Qual a diferença entre permitir ou proibir a circuncisão do menino e a da menina praticada em partes da África? Ou em relação a outros rituais religiosos, como o sacrifício de animais ou mesmo de pessoas? Qual a diferença de retirar sangue, beber sangue ou flagelar alguém? E suicídios em massa? Quais são e onde estão os limites e quem deve impô-los?
Se formos proibir a circuncisão, não deveríamos também proibir furar a orelha para colocar um brinco no recém nascido? Ambos causam sofrimento através de uma lesão física, mas o primeiro é por uma finalidade religiosa e o segundo é puramente estético.
O que faz da circuncisão do menino é uma prática religiosa aceitável? Por quanto tempo uma nova prática precisa existir antes de fazer parte de uma tradição religiosa? Se eu fundar uma nova igreja e disser que cortar o lóbulo da orelha é parte da comunhão com nosso deus, esse ritual precisa ser praticado por quanto tempo para que seja aceito como religioso e merecedor do respeito alheio? Ou seria por um critério quantitativo: por quantas pessoas?

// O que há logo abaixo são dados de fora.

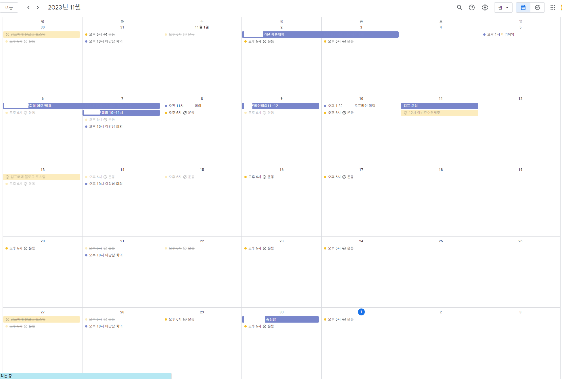 회사업무가 연말이라 엄청 바쁩니다. 11월을 돌이켜보니 회의도 많았군요. 야근도 간간이 하고 ... ㅠ
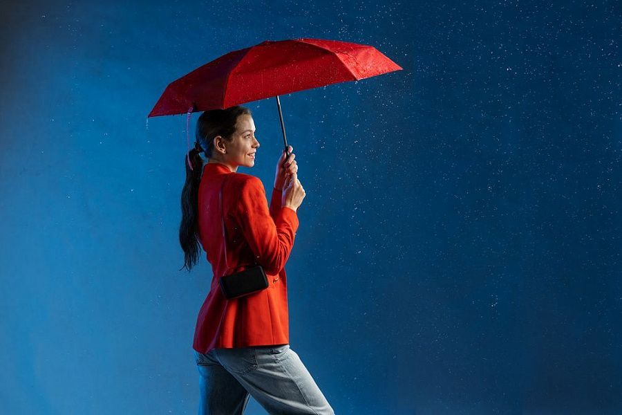 Миниатюрный зонт Color Action укроет от дождя или палящего солнца. Благодаря небольшим размерам и чехлу-кейсу на длинном ремешке его удобно брать с собой.
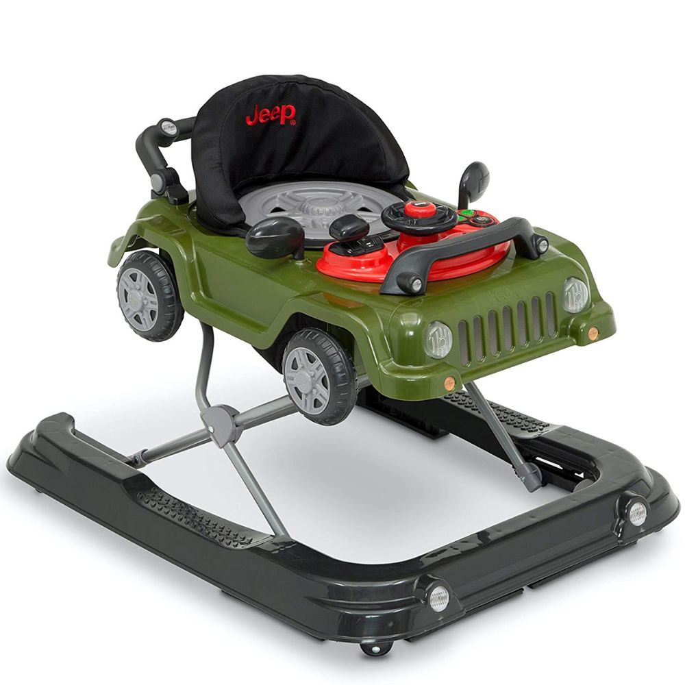 The Jeep Classic Wrangler 3-in-1 Grow With Me Walker is perfect for children up to 25 pounds and less than 30 inches tall. It has a high seat back for comfort and maximum support. Plus, this walker resembles the classic wrangler with its seven-slot grille, round headlamps, and flat fender flares.
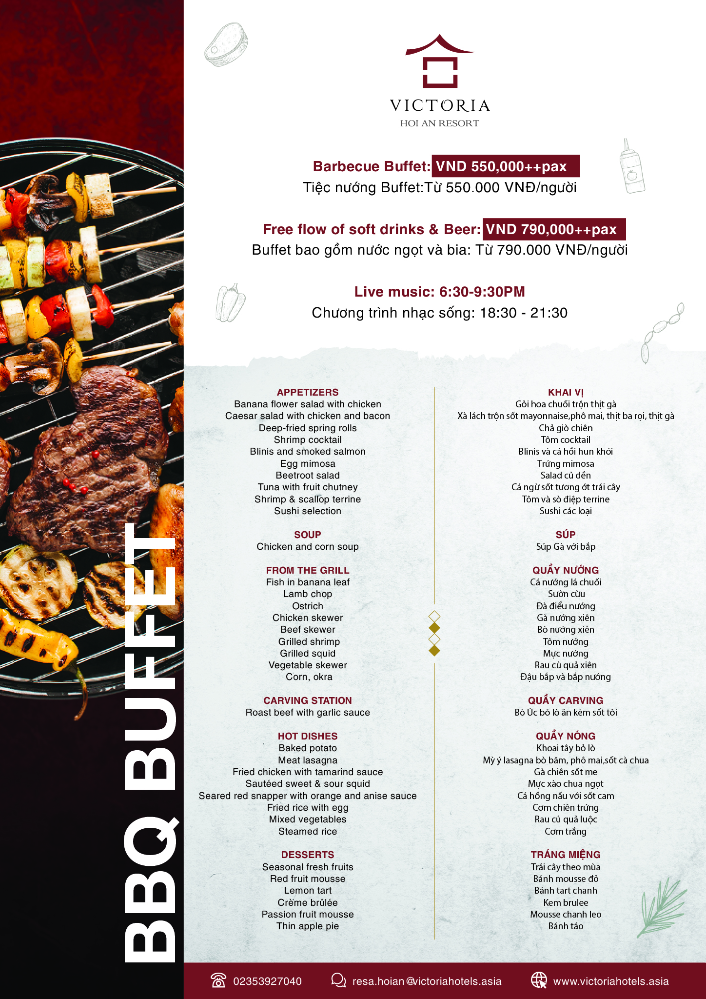 From exquisite flavors to eye-catching presentation, meals at the stylish L’Annam Restaurant on Cua Dai Beach aim to impress. The restaurant also hosts can’t-miss culinary events like the Hoi An Market Buffet every Tuesday night and the lively BBQ Buffet every Saturday night by the infinity pool. Delicious food accompanied by live music performances and traditional dances with a modern twist combine for unforgettable evenings in beautiful Hoi An.

Mas o fato de ser proibido enquanto não for religioso não seria uma forma de jamais deixá-lo tornar-se parte da tradição religiosa?
E quem decide o que é religioso? Seus líderes? Seus praticantes? O Estado? Um magistrado? Os legisladores? Os líderes de outras religiões? Os eleitores? Pense, por exemplo, no caso da circuncisão feminina: a vítima não tem poder de influencia a decisão. O que torna a circuncisão masculina aceitável mas o uso da burca inaceitável? (Pense nisso: a primeiro é irreversível e fere fisicamente; a segunda, não).
E como recompensar alguém que, depois de adulto, decide que não quer praticar tal religião. Ele terá de carregar consigo a marca física de uma decisão que foi tomada por ele. Ele tem direito a ser recompensado? E, se sim, como calcular o dano sofrido pela perda de algo que biologicamente não faz falta? Pela dor? Mas e se você consegue se lembrar da dor?
Por fim, quando é que uma prática até então aceita deixa de ser aceitável? Pense nos cintos de castidade, por exemplo.